Southern Africa ranks as the leading region for both sourcing imports and serving as the primary export destination across the continent, according to the latest Standard Bank Africa Trade Barometer (SB ATB).
The barometer shows 30% of surveyed businesses source imports from Southern Africa, a figure consistent with the 31% recorded in May 2023. This trend is largely driven by Southern African Development Community (Sadc) member countries, including SA, Angola, Mozambique, Namibia, and Zambia. However, SA businesses indicate the lowest levels of imports from the Southern African region.
“A majority of businesses in Mozambique (44%) and Namibia (52%) source their imports from SA, likely due to the ease of trade with the neighbouring country and fellow Sadc member. Imports from other regions within Africa are relatively low, particularly from Central and North Africa. Only 3% of surveyed businesses import from Central and North Africa,” reads the barometer.

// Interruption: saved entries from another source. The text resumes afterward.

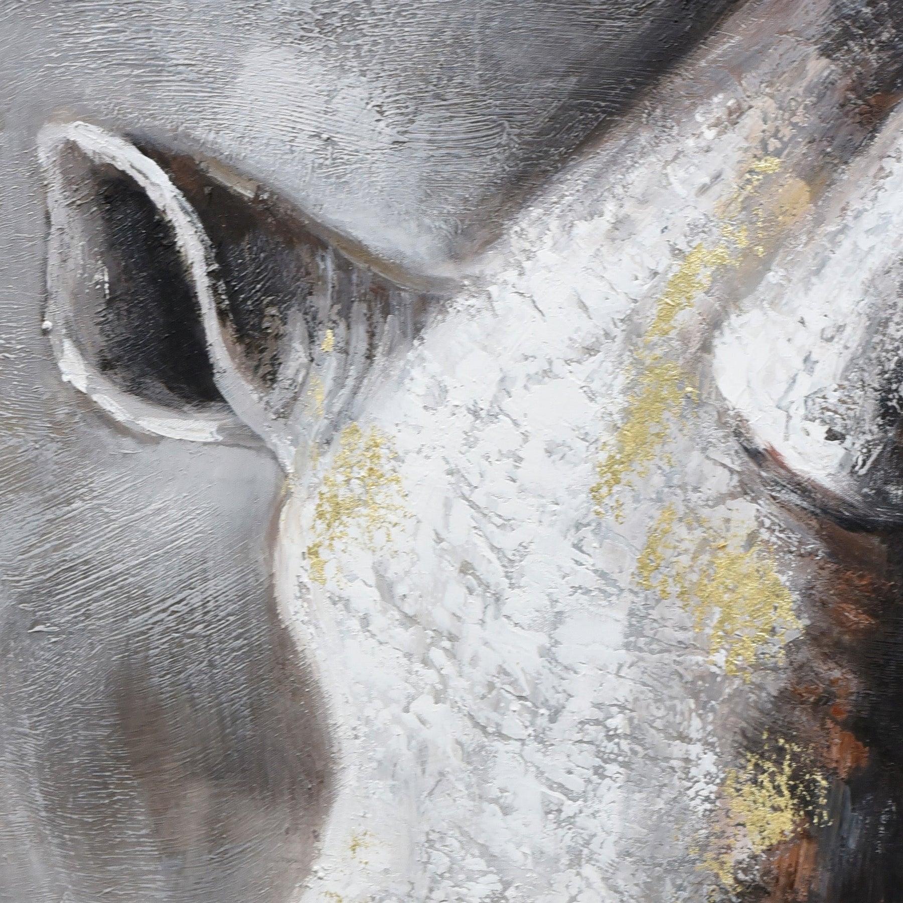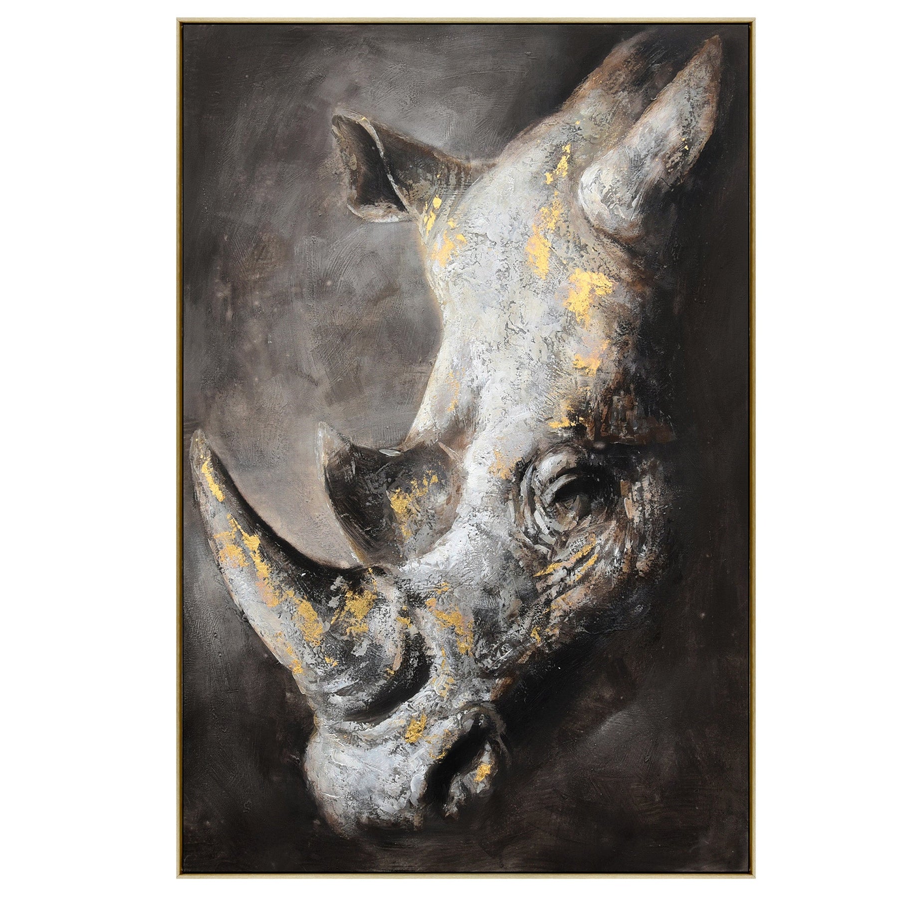 "Golden Titan" is a masterpiece that captures the raw strength and majesty of the rhino, one of nature's most formidable creatures. Set against a dark, almost enigmatic background, the rhino's head emerges, rendered in intricate detail. The grey tones, evocative of the animal's natural hue, are contrasted beautifully by gold highlights that accentuate its face and mighty horns, lending the piece an aura of opulence. The smoky darkness from which the rhino appears further emphasizes its dominance, as if it's emerging from the very essence of the wild. Every stroke on this 100% hand-painted canvas is meticulously crafted, showcasing the artist's commitment to capturing the creature's spirit. Framed elegantly in champagne-hued wood, "Golden Titan" is not just an artwork; it's a tribute to the wild, the majestic, and the unparalleled beauty of nature.
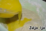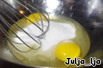 Тем временем взбиваем 2 яйца с солью и оставшимся сахаром. Добиваться большого объёма не нужно, я использовала венчик. Желательно, чтобы яйца не были холодными, то есть нужно их достать из холодильника заранее.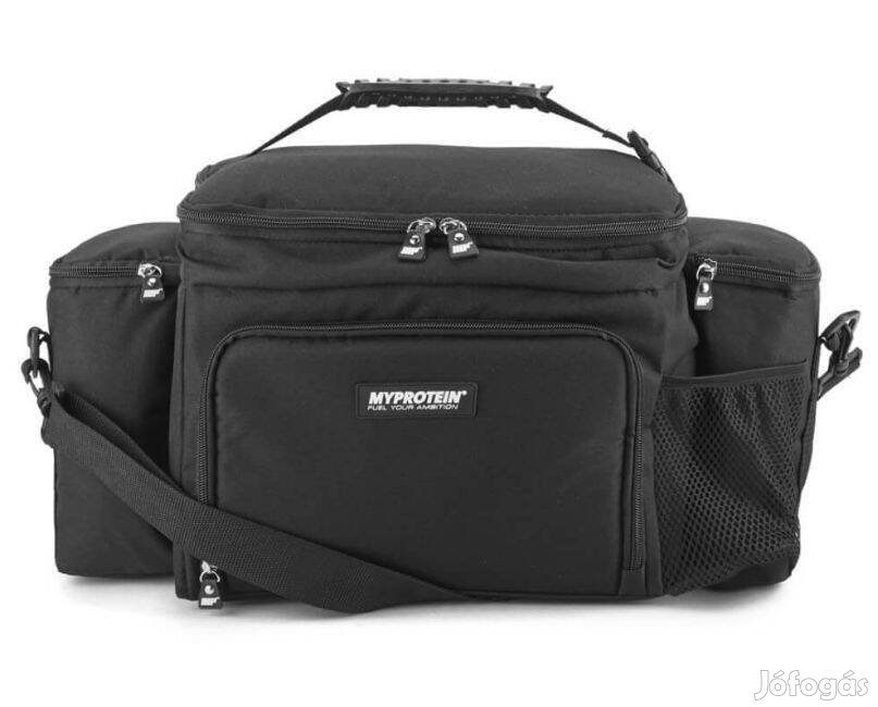 Új, fekete Myprotein Meal Bag hőszigetelt ételszállító sporttáska (a hozzá tartozó ételes dobozokkal és jégakkukkal) gyári csomagolásban.

Similarly, SA emerged as the top export market for surveyed businesses, with 8% exporting goods there, though this figure is only slightly higher than others, down from 14% in the May 2023 cohort.
“The Democratic Republic of Congo (DRC) is a close second export destination; 7% of surveyed businesses export to the DRC, a 2% increase from the export activities of the previous year’s cohort,” reads the barometer.
The SB ATB trade attractiveness rankings reveal significant changes among the 10 African nations, with Tanzania rising from eighth to fourth, Mozambique from fourth to third, Nigeria from sixth to fifth, and Zambia from ninth to eighth. In contrast, Ghana dropped from third to seventh, Uganda fell from seventh to ninth, and Kenya slipped from fifth to sixth. Meanwhile, SA, Namibia and Angola retained their positions at first, second and 10th, respectively.
“Tanzania is now ranked fourth highest in terms of overall attractiveness for trade in Africa. Its leap in the rankings was boosted by the country’s substantial investments in infrastructure and better access to finance, enabling businesses to engage more actively in cross-border trade.”
Most surveyed businesses remain optimistic about the economy and the business environment across the 10 markets. However, high taxation (76%) remains a major concern. As governments seek to expand their tax bases and manage debts, the business community has resisted tax reforms that lead to increased operating costs.
“This has been witnessed in markets such as Kenya, where youth-led public protests erupted over proposed tax hikes; in Nigeria, where there were protests against the removal of fuel subsidies; and in Tanzania, where traders led protests in response to new tax measures which required the mandatory use of electronic fiscal devices for issuing receipts and the requirement for electronic tax tamps on transactions,” reads the barometer.
Meanwhile, 76% of surveyed businesses reported limited foreign currency liquidity in their markets as a barrier to cross-border trade, with the highest rates seen in Ghana (83%) and Zambia (82%), highlighting the urgent need for government support.
Biggest challenge
Power supply infrastructure poses the biggest challenge for businesses in the 10 African markets, with Nigerian companies particularly affected by a national grid that often collapses and struggles to meet daily peak demand, which is almost four times its generation capacity.
The trade barometer also highlights that Africa continues to face challenges with inadequate infrastructure, particularly in rail systems, which remain underdeveloped yet hold potential to boost domestic and cross-border trade. Improvements in the continent’s road, rail and power infrastructure are crucial for fully realising the benefits of the African Continental Free Trade Area.
In Ghana, the quality of rail infrastructure is considered low. However, a number of rail projects expected to be completed in 2024 aim to address this issue. Meanwhile, SA’s port and rail infrastructure is struggling with operational efficiency due to equipment shortages and maintenance delays affecting the government-owned rail and port operator.
“This has had a major impact on the economy with estimates suggesting that Transnet’s port and rail inefficiencies cost SA’s economy about $57m a day. Transnet recently received a $279m loan from the New Development Bank, a multilateral development bank established by Brics member states, to upgrade its infrastructure and a $1bn loan from the African Development Bank to fund its $8bn recovery plan.”
China is a key trade partner for many countries included in the trade barometer and stands as Africa’s largest trading partner on a regional scale. About 16% of Africa’s imports come from China, while 20% of its exports are directed to the country. In 2023 this resulted in a trade volume of $282bn.